The difference between a won and a lost opportunity is sometimes very narrow. The good news is, we don’t lose all of our opportunities. But we don’t win them all, either. Understanding why opportunities are lost is vital to winning more of them.
The Pipeliner CRM Archive
It is for that reason that, with Pipeliner CRM, we make it possible for you to fully understand lost opportunities, and we are the only CRM to do so. The Pipeliner CRM Archive is arranged exactly like the active pipeline view. Leads and opportunities contain all information that was present when they were archived, including documents, emails, notes, social media interactions, tasks, and activities. If a deal comes back to life, it can be restored to the active pipeline with one click.
Through the Archive, you can conduct analyses of lost opportunities, and discover vital factors such as:
- at which sales stages you are losing the most deals
- which sales reps need mentoring and coaching, and in what areas
- which products or price points are losing you the most deals
- accuracy of close dates and lead scoring
and much more.
Within the Pipeliner administration interface, the “loss reason” field for opportunities can be customized. Reasons could include price, competition, a missing feature, or even some kind of clash between the salesperson and the prospect.
Conducting such analyses makes it possible to completely understand losses, and for particular types of losses to not happen again. Through that understanding, changes can be made to your processes, and steady improvements can occur.
As a Pipelinerpreneur it is very important to understand why you lose so that you can adapt that information to a better strategy for winning. If you could increase your win rate by 1 percent per month, that would be 12 percent per year. If you kept this increase up, it would be 24 percent over 2 years—that would make you a master!
A bigger company would really benefit from such increases, even if they were 2 to 3 percent per year—such percentages are astonishing when you’re dealing with large sales figures.
Constantly Learning
Whether you win or lose, there is always a lesson either way. With a win, you can take a lesson on how you can sell more to that customer, or how they will provide referrals or even an introduction to an investor. You service them well so that they will renew wholeheartedly at the end of the year, and they even become an ambassador for you.
A lost opportunity is never a total loss. You have stored all of that opportunity’s information in the Archive, and that information is always valuable. It could be, for example, that several deals were lost because of a missing feature or benefit. When that benefit or feature is finally added to your product, you can revive those opportunities and offer them what they were missing.

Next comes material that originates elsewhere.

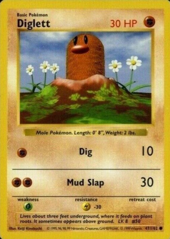 Diglett 47/102 - Pokemon TCG Base Set (1999) - MP - Unlimited - Shadowless
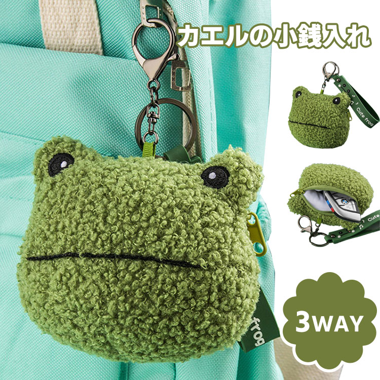 カエル 小銭入れ かわいい バッグチャーム キーホルダー 鍵 収納バッグ キーリング ぬいぐるみ ポーチ コインケース おもちゃ イヤホン用 イヤホン収納 キーチャーム リップスティック スト ケース

Follow-Up and Maintaining Relationships
It is therefore critical that on both sides—wins and losses—you have processes in place for follow-up. With Pipeliner’s powerful Automatizer functionality, you can make such processes automatic. For example, you could set Automatizer to send a personalized email every 3 months to customers inviting them to a short meeting. Some will take you up on it, some won’t, but having that “reach out” from you is always meaningful.
That follow-up should be part of an overall strategy of building a relationship with the customer. That relationship helps you obtain more business from the customer as well as reviews and recommendations. Of course, that relationship building should be there from the beginning. In that first moment when they have signed up, the customer has the most motivation to speak highly of your company and products, and you should take full advantage of that. Always ask for a recommendation at that point, and then regularly from then on.
Maintaining a relationship is especially important in SaaS or any kind of remote business. In SaaS, most people cancel contracts because they don’t have any kind of relationship with the company, so they don’t care about renewing. It’s much harder to cancel a contract when you have a real relationship with a company and think highly of them. As a Pipelinerpreneur, I highly recommend that, in your local area, you even pay customers personal visits. This is another way you can show them appreciation for being your customer.
To Sum Up
- Fully understand your losses, so you can strategize better wins from them.
- Analyze losses using the Pipeliner Archive, so that this understanding is always present, and loss reasons can be corrected.
- Use that understanding to continue and strengthen relationships with customers and prospects.